* **Task item**:
Copy out all of the data word for word. Omit every picture.

* **Data extract**:
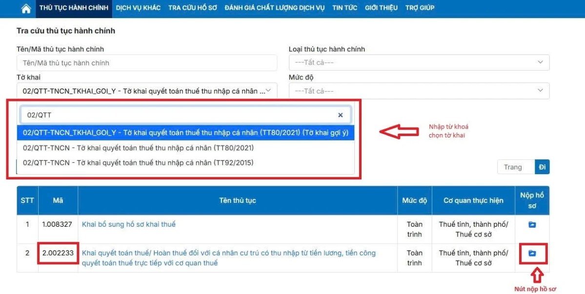 - Chọn tờ khai quyết toán thuế TNCN dành cho cá nhân tự quyết toán - Tờ khai 02/QTT-TNCN (TT08/2021)
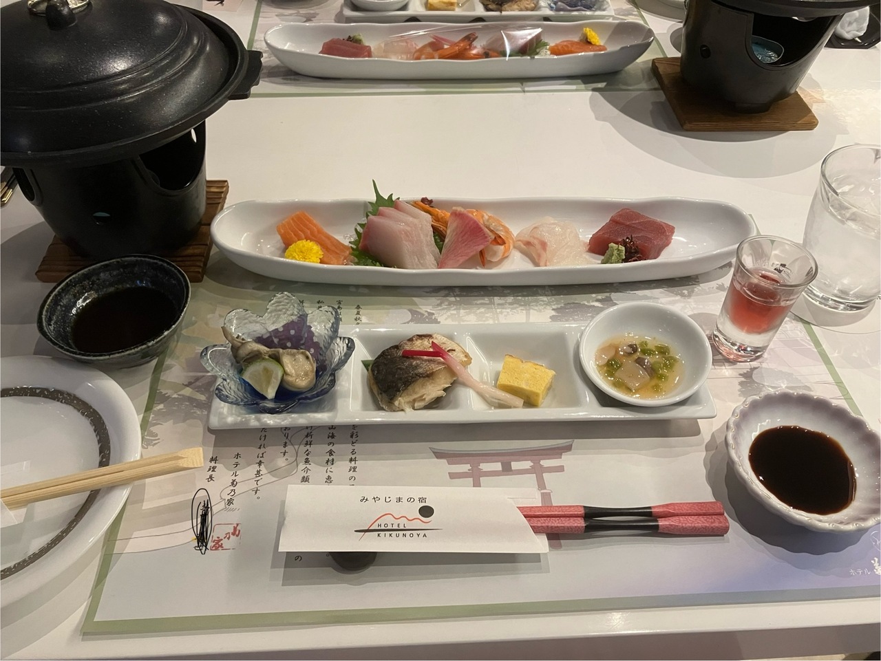 夕食は海老/穴子/カキの釜飯が選べます。焼物がお肉のプランを選びましたが、広島産和牛柔らかくて美味しかったです。他のメニューもとても美味しく、日本酒飲み比べ(3種)をオーダーして楽しめました。過去にはミシュランに掲載されたこともあるようです。
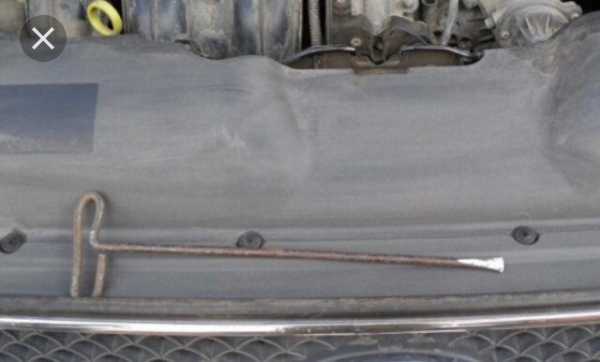 Для того, чтобы открыть капот без ключа нужно будет подготовить специальную приспособу или длинную плоскую отвертку.
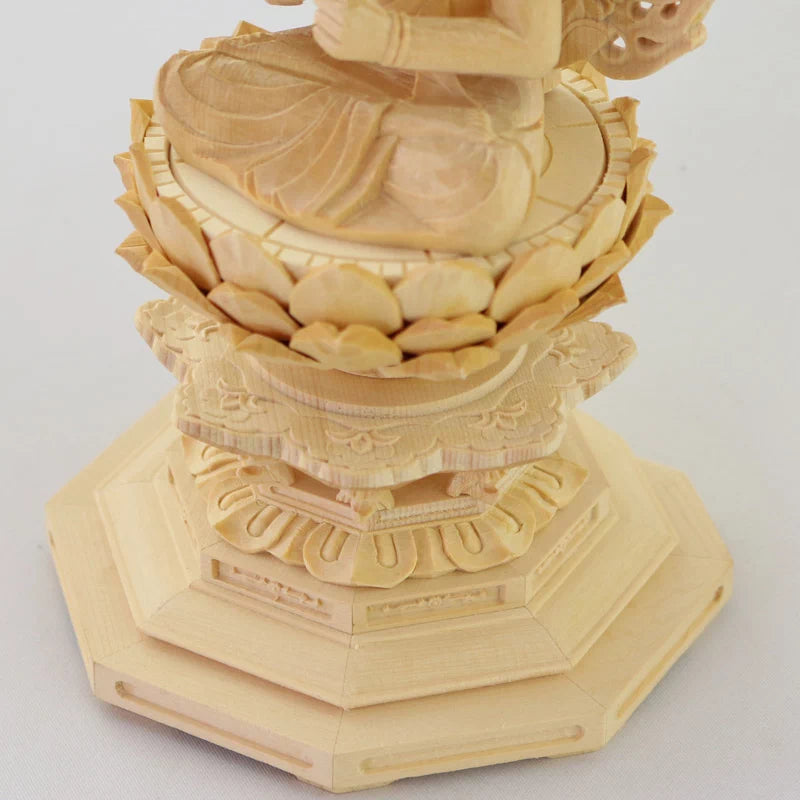 仏像の台座は八角台座という台座で彫りが細かいのが特徴。有名な寺院などのご本尊などを見るとそのほとんどが八角台座です。また八角台座は背の低い台座になりますので小型仏壇~中型仏壇までオススメの台座です。(大型のお仏壇には六角台座の仏像がオススメ)

* **Solution below**:
 - Chọn tờ khai quyết toán thuế TNCN dành cho cá nhân tự quyết toán - Tờ khai 02/QTT-TNCN (TT08/2021)
 夕食は海老/穴子/カキの釜飯が選べます。焼物がお肉のプランを選びましたが、広島産和牛柔らかくて美味しかったです。他のメニューもとても美味しく、日本酒飲み比べ(3種)をオーダーして楽しめました。過去にはミシュランに掲載されたこともあるようです。
 Для того, чтобы открыть капот без ключа нужно будет подготовить специальную приспособу или длинную плоскую отвертку.
 仏像の台座は八角台座という台座で彫りが細かいのが特徴。有名な寺院などのご本尊などを見るとそのほとんどが八角台座です。また八角台座は背の低い台座になりますので小型仏壇~中型仏壇までオススメの台座です。(大型のお仏壇には六角台座の仏像がオススメ)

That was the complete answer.